The mobile Internet — accessed through smartphones, tablets, and 4G technology — is now set to overtake the wired Net in usage and users. The implications of this shift are most obvious in Africa, where journalists have seized on mobile-driven innovations to transform newsgathering. But mobile networks also give repressive governments unprecedented powers to identify, locate, and harass journalists, their sources, and their audiences. The Committee to Protect Journalists invited a group of pioneering African journalists and entrepreneurs to Silicon Valley in October to talk about their work at the forefront of the media revolution. The group worked with executives and technologists from leading media and technology companies to find practical ways to protect free speech and privacy online. This panel will discuss their conclusions.

Erik Charas is an engineer, social entrepreneur, and founder of @Verdade, the largest-circulation newspaper in Mozambique. Hailing from northern Mozambique, Erik is passionate about his responsibility to work for his country. The inspiration to create @Verdade came from the realization that most people in Mozambique lacked access to quality information. He believes informing people about their government, country and the world is the first step toward engaging them as active participants in transforming the country. He is one of the most vocal advocates of anti-poverty activism in Africa today.Erik is also founder and CEO of Charas LDA, a company that invests in Mozambican entrepreneurs. Erik was voted a Hero of Africa in 2005 by media group MSN, named a World Economic Forum Young Global Leader in 2006, and served as an Archbishop Tutu African Leadership Initiative Fellow in 2007. He chairs several boards of companies and non-profit organizations in Mozambique and other countries. He has an engineering degree from the University of Cape Town. Follow him on Twitter @echaras.

Rafael Marques de Morais is an award-winning journalist, human rights activist, and founder of the anti-corruption watchdog website MakaAngola. The site is named for ‘maka,’ a Kimbundu world meaning "problem" or "trouble." Rafael’s writings on political economy, the diamond industry, and government corruption have earned him international acclaim, and have set the agenda for political debate in Angola by exposing the abuse of power. His most recent book, "Blood Diamonds: Corruption and Torture in Angola," published in September 2011, exposed hundreds of cases of torture and killings. Research for the book formed the basis of a criminal complaint Rafael filed against the shareholders of three private Angolan diamond mining companies for crimes against humanity. He now faces retaliatory legal action as company shareholders, including some of the country’s most influential generals, have countersued him in Portugal. Rafael was imprisoned for his work in 1999, and released after international advocacy efforts on his behalf. He was then charged with defaming the president and spent years in costly legal battles. His case was eventually taken up by the UN Human Rights Committee, which delivered a precedent-setting ruling in 2005 that Angola had violated the journalist’s fundamental rights. Born in Luanda, Rafael holds an MSc in African Studies from the University of Oxford and a BA Hons in Anthropology and Media from Goldsmiths, University of London.

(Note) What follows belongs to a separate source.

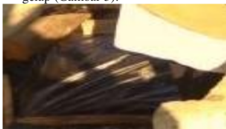
Gambar 5. Kompos di Tutup Menggunakan Plastik Hitam.

Semua bahan yang telah dicampurkan dengan rata, kemudian masuk ke tahapan selanjutnya, yaitu proses pengomposan. Proses pengomposan dapat menggunakan berbagai macam metode, seperti dumb compost , compost bin , atau rotary composting . Proses pengomposan yang tidak menggunakan wadah tertutup, dapat digantikan dengan cara ditutup atau dibungkus dengan terpal atau menggunakan plastik berwarna gelap (Gambar 5).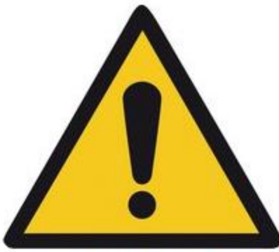
W001 Allgemeines Warnzeichen

Mohamed Keita is the Africa advocacy coordinator for the Committee to Protect Journalists, an international press freedom advocacy organization based in New York. Mohamed has written extensively on press freedom and social media for publications including The New York Times, The Christian Science Monitor, and Slate Afrique. He is regularly interviewed by international media including Al Jazeera, BBC, NPR, and Radio France Internationale. A native of Bamako, Mali, Mohamed also lived in Senegal before moving to New York. Prior to joining CPJ, Mohamed volunteered as a researcher with the nongovernmental World Federalist Movement-Institute of Global Policy, where he was responsible for a project on the structures and mechanisms of the African Union and helped organize outreach activities in West Africa for a project on the UN's "Responsibility to Protect" doctrine. Mohamed is a graduate of the City College of New York. Follow him on Twitter @africamedia_CPJ

Rebecca MacKinnon is a journalist and activist whose work focuses on the intersection of the Internet, human rights, and foreign policy. She serves on the board of directors of the Committee to Protect Journalists and the Global Network Initiative. As a Senior Fellow at the New America Foundation, she is developing new projects focused on holding technology companies accountable to universally recognized human rights standards on free expression and privacy. Her first book, Consent of the Networked, was published in January 2012 by Basic Books. In 2012 she was named Hearst Professional-in-residence by Columbia Journalism School and listed by the Columbia Journalism Review as one of “40 women who changed the media business in the past 40 years,” primarily due to her role as cofounder of Global Voices Online (globalvoicesonline.org) an international citizen media network. Fluent in Mandarin Chinese, MacKinnon worked as a journalist for CNN in China for nine years, including as CNN’s Beijing Bureau Chief and Correspondent from 1998-2001. MacKinnon received her AB magna cum laude from Harvard University and was a Fullbright scholar in Taiwan in 1991-92. Follow her on Twitter @rmack.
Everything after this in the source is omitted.